---
title: How to use Well Plate Maker
author:
- name: Helene Borges
affiliation: Universite Grenoble Alpes
email: borges.helene.sophie@gmail.com
abstract: >
    The **W**ell-**P**late **M**aker (WPM) is a shiny application deployed as an R package. Functions for
    a command-line/script use are also available. The WPM allows users to 
    generate well plate maps to carry out their experiments while improving
    the handling of batch effects. In particular, it helps controlling the "plate 
    effect" thanks to its ability to randomize samples over multiple well plates.
    The algorithm for placing the samples is inspired by the backtracking algorithm: 
    the samples are placed at random while respecting specific spatial constraints. 
    The use of WPM as well as the definition of configurable spatial constraints
    are described in the following sections.
vignette: >
    %\VignetteIndexEntry{How to use Well Plate Maker}
    %\VignetteEngine{knitr::rmarkdown}
    %\VignetteEncoding{UTF-8}
output: 
    BiocStyle::html_document:
        toc: yes
        toc_float: true

---


# Introduction

This tutorial explains how to use the **Well Plate Maker** package.

## General principle

To generate plate maps, the WPM uses an algorithm inspired from the backtracking 
algorithm. More precisely, WPM loops on the following actions until all of the 
samples are given a correct location:

1. Randomly choose a well on the plate
2. Randomly selects a sample
3. Check whether all the specified location constraints are met. If yes, place the sample accordingly

This process allows for an experimental design by block randomization.

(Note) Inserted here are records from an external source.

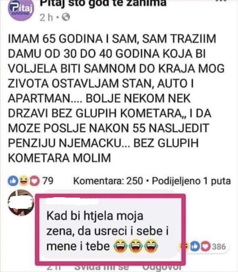 Tražio je ženu preko Facebook grupe, iskreni komentar ovog tipa širi se regijom brzinom munje
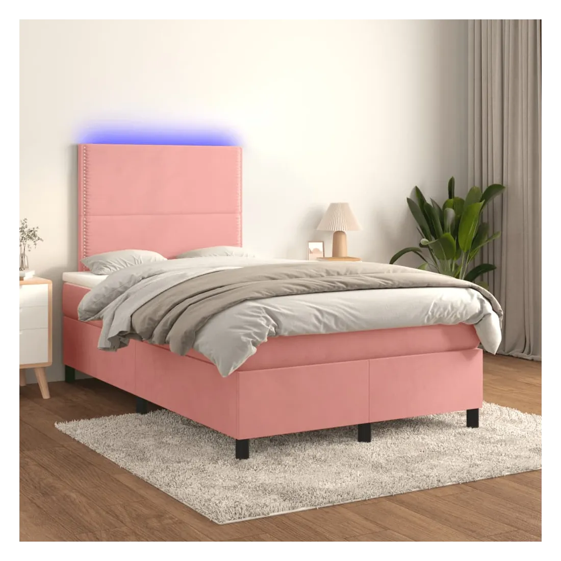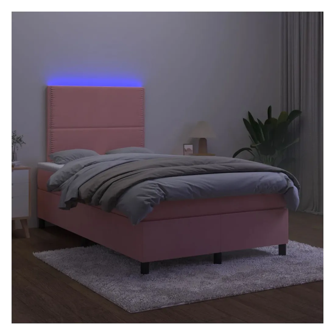 Sommier à lattes de lit et matelas LED rose 120x190 cm velours
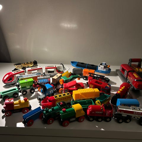 Todella iso junarata setti ja oheistarvikkeet. Kolme kassillista tavaraa. Mukaan kaksi eri asemaa, isoon asemaan tulee valot ja voi nauhoittaa oman kuulutuksen, myös mainosvalo kyltti johon voi vaihtaa kuvaa. Mukaan monta veturia ja junaa, kaksi ohjainta junille( vaatii patterien vaihdon). Monessa erikoispalikassa( mm. Sillasta ) kuuluu ääniä, mutta vaatii uusia pattereita.

## Uses and associated input formats

There are two ways to use the `WPM`:

* [Command line](#R_commands) with appropriate R functions: for users who want to work with 
scripts or want to integrate the WPM into a pre-existing pipeline.
* Through a [graphical interface (GUI)](#shiny_app): for users who do not necessarily have advanced
R programming skills.

__Important:__ Even in case of command line use, we strongly recommend to read the section about the 
[shiny app section](#shiny_app), as this is where all terms and concepts are detailed.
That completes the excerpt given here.